EXERCISE PROMPT
Transcribe exactly, and only, the lines running from the one with "事前リサーチをしないで訪問し" to the end of the entries below, both included, without any pictures.

(Items from a dataset)
^^^^^^^^

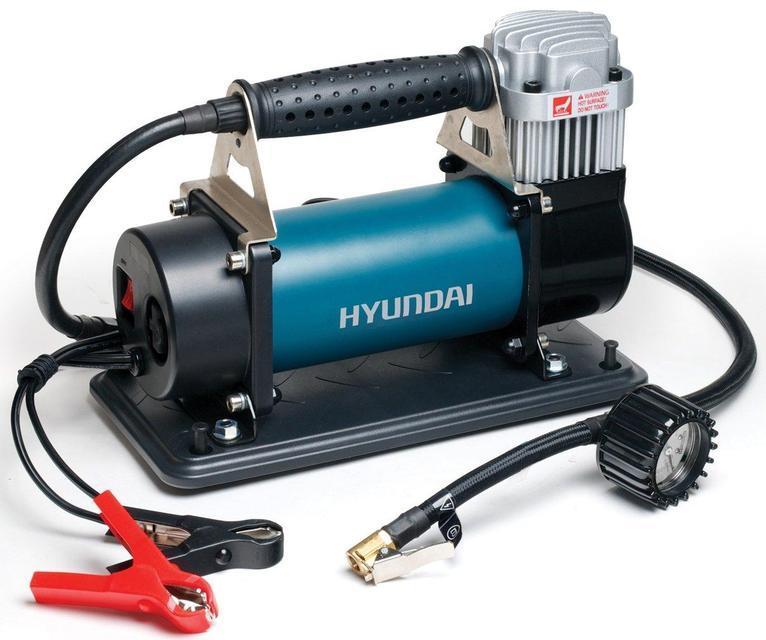 Електричний компресор Hyundai HY 90E високопродуктивний інструмент. Двигун захищений від перегріву. Манометр дає можливість контролювати тиск. Час накачування шини розміром R15/195/60 до 2,3 атм становить приблизно 0,5 хвилини. Для зручного транспортування передбачена ручка.
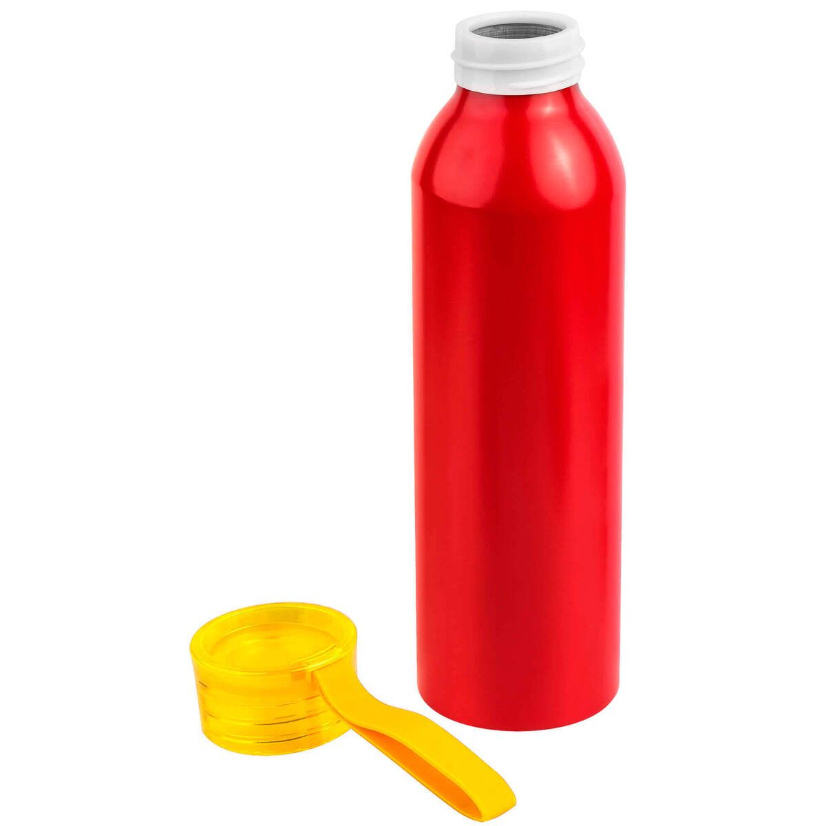 Алюминиевая матовая бутылка с пластиковой крышкой.
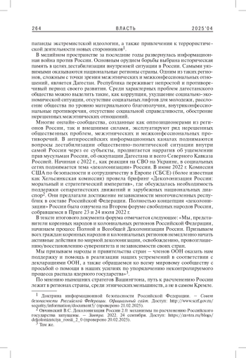 В статье автор анализирует ряд информационных каналов таких сервисов, как Telegram и YouTube, ориентированных на Республику Дагестан, деятельность которых направлена на разжигание межнациональной и межконфессиональной розни, сепаратистских и националистических настроений. Целью таких информационных каналов является формирование негативного образа России и образа колонизированных народов Дагестана.
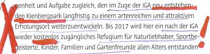 Und zwar gilt diese Infopapier-Aussage für alle Erweiterungsflächen außerhalb der Gärten der Welt, also Kienberg, Wuhletal und Jelena-Santic-Friedenspark, dessen Name in einer uns ungewohnten und darum interessanten Schreibweise dargeboten wird. Exotisch eben - wie sicherlich auch diese Gartenschau ganz Blümchenschau-like daherkommen sollte. Es wird nicht das kleinste Hüsteln ausgelassen, um das IGA 2017 Berlin-Vorhaben in einem bestehenden, ökologisch wertvollen Landschafts- und Naturgebiet aufzuwerten und Menschen von der Frevelhaftigkeit dieses Vorhabens abzulenken, sondern dafür zu begeistern.
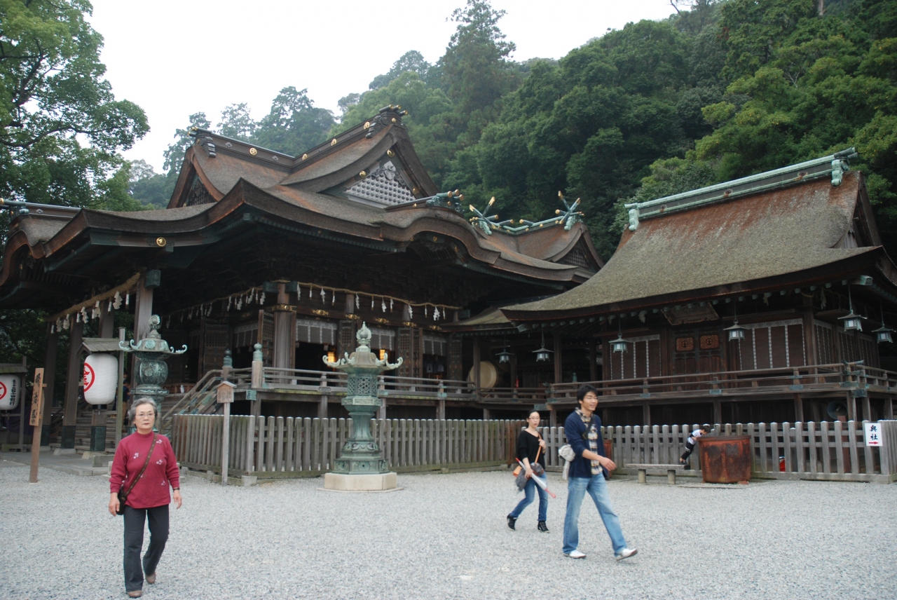 事前リサーチをしないで訪問したけど、本宮までかなり距離がある。しかも階段が多いので結構しんどい。本宮はとても見事な建造物で写真を撮りまくった。渡り廊下が長く拝殿とつながっていて、全体像が写真に収めにくいし、わかりにくい。曇り空というのもあってか、お厳かな雰囲気だった。
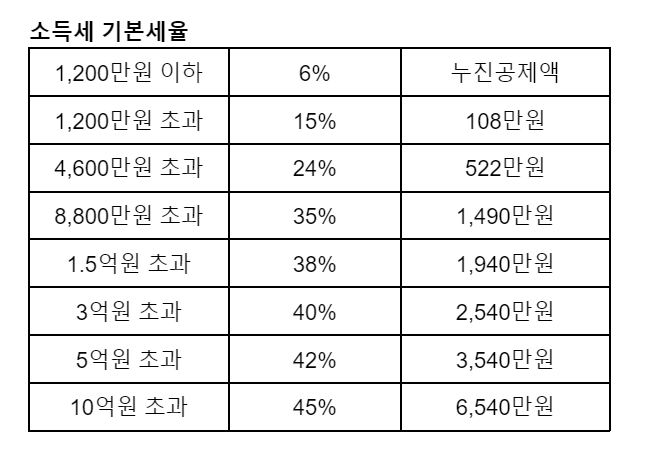 이자소득이 연간 2,000만원 초과하는 경우 종합소득세 신고의무가 있습니다. 소득세율은 아래 표를 참고하시면 됩니다.
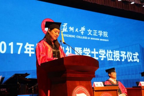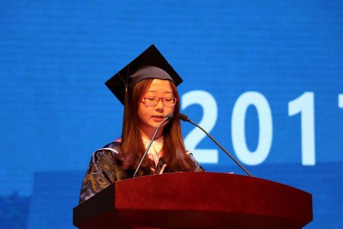 2017届毕业生项晨佳、胡梦媛、仇成功作为优秀毕业生代表上台发言,并与全体毕业生共同宣读毕业誓词。

^^^^^^^^

RESPONSE AREA
 事前リサーチをしないで訪問したけど、本宮までかなり距離がある。しかも階段が多いので結構しんどい。本宮はとても見事な建造物で写真を撮りまくった。渡り廊下が長く拝殿とつながっていて、全体像が写真に収めにくいし、わかりにくい。曇り空というのもあってか、お厳かな雰囲気だった。
 이자소득이 연간 2,000만원 초과하는 경우 종합소득세 신고의무가 있습니다. 소득세율은 아래 표를 참고하시면 됩니다.
 2017届毕业生项晨佳、胡梦媛、仇成功作为优秀毕业生代表上台发言,并与全体毕业生共同宣读毕业誓词。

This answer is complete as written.